TASK ITEM: Leave every picture out. Set down all the lines below exactly.

=== EXERCISE DATA ===

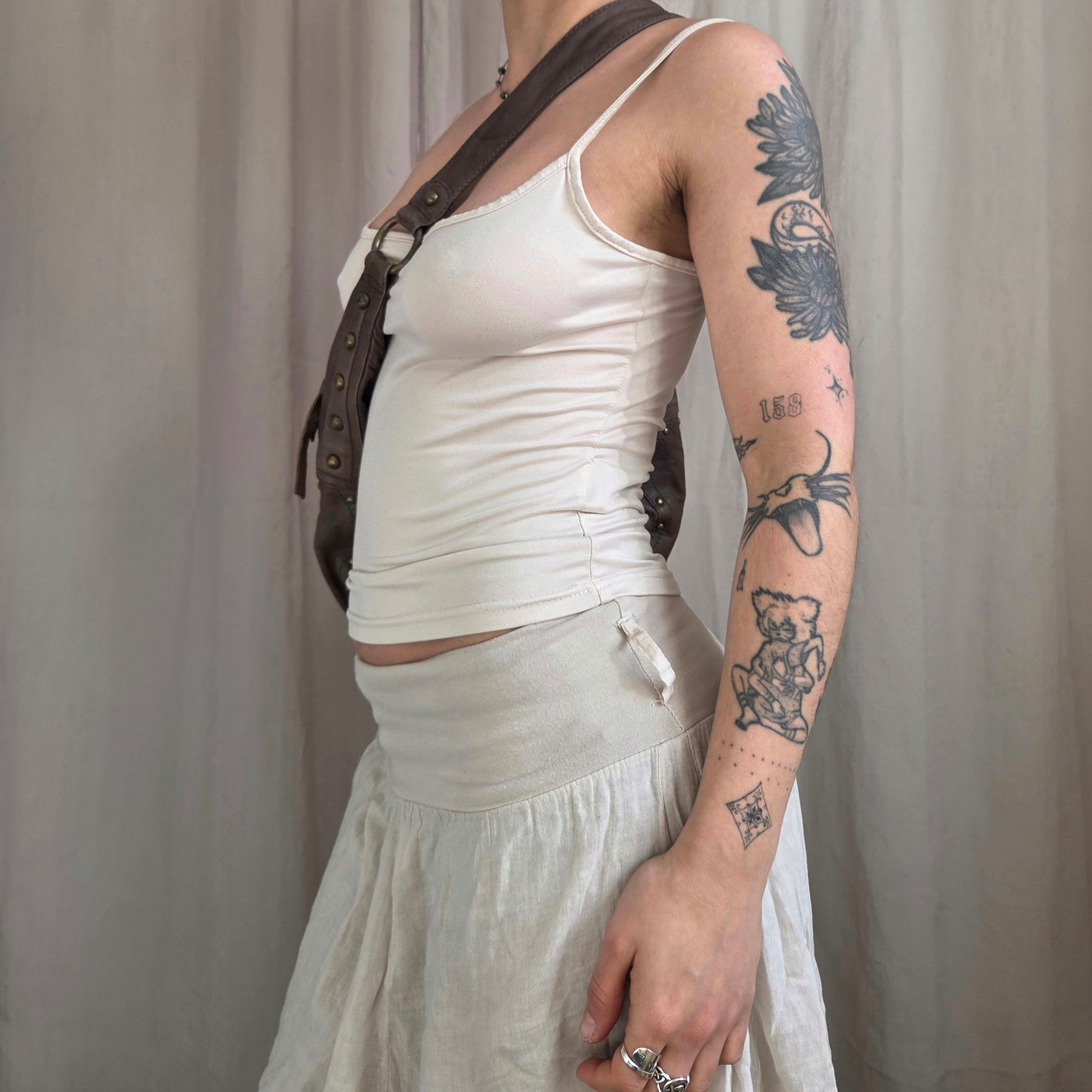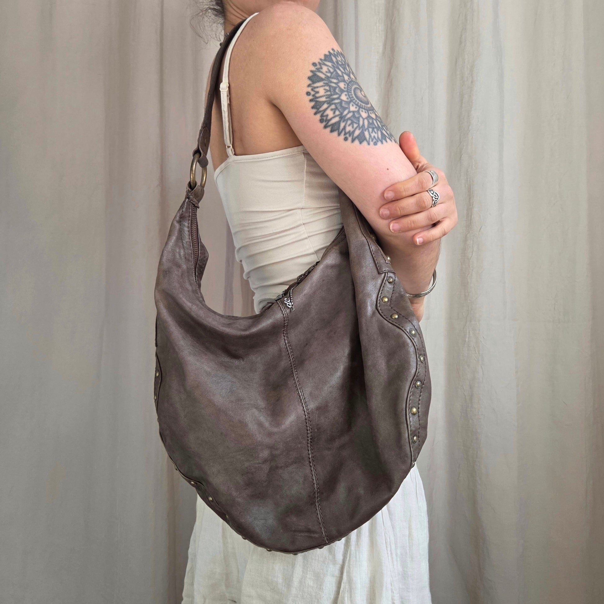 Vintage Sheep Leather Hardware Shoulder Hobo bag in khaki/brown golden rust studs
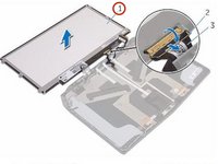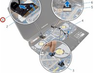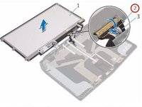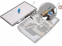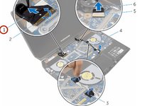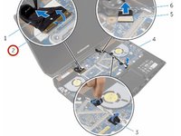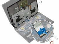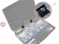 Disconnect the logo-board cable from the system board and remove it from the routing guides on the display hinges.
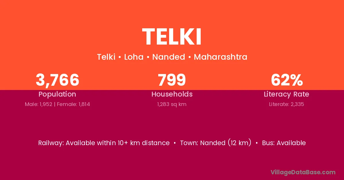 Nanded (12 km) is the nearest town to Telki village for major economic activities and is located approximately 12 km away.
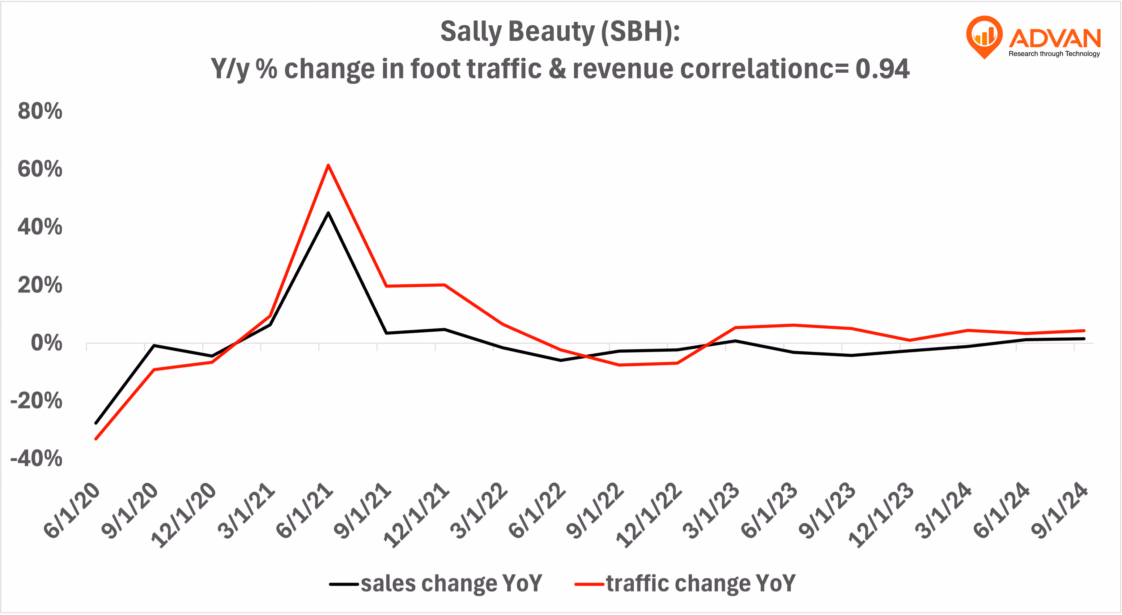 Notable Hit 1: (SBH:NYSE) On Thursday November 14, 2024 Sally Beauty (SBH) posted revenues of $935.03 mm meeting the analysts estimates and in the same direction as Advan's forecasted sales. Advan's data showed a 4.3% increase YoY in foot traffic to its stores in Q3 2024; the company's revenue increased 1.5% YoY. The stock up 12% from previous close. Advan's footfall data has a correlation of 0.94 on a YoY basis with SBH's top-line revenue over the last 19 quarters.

===

EXERCISE SOLUTION:
 Vintage Sheep Leather Hardware Shoulder Hobo bag in khaki/brown golden rust studs
 Disconnect the logo-board cable from the system board and remove it from the routing guides on the display hinges.
 Nanded (12 km) is the nearest town to Telki village for major economic activities and is located approximately 12 km away.
 Notable Hit 1: (SBH:NYSE) On Thursday November 14, 2024 Sally Beauty (SBH) posted revenues of $935.03 mm meeting the analysts estimates and in the same direction as Advan's forecasted sales. Advan's data showed a 4.3% increase YoY in foot traffic to its stores in Q3 2024; the company's revenue increased 1.5% YoY. The stock up 12% from previous close. Advan's footfall data has a correlation of 0.94 on a YoY basis with SBH's top-line revenue over the last 19 quarters.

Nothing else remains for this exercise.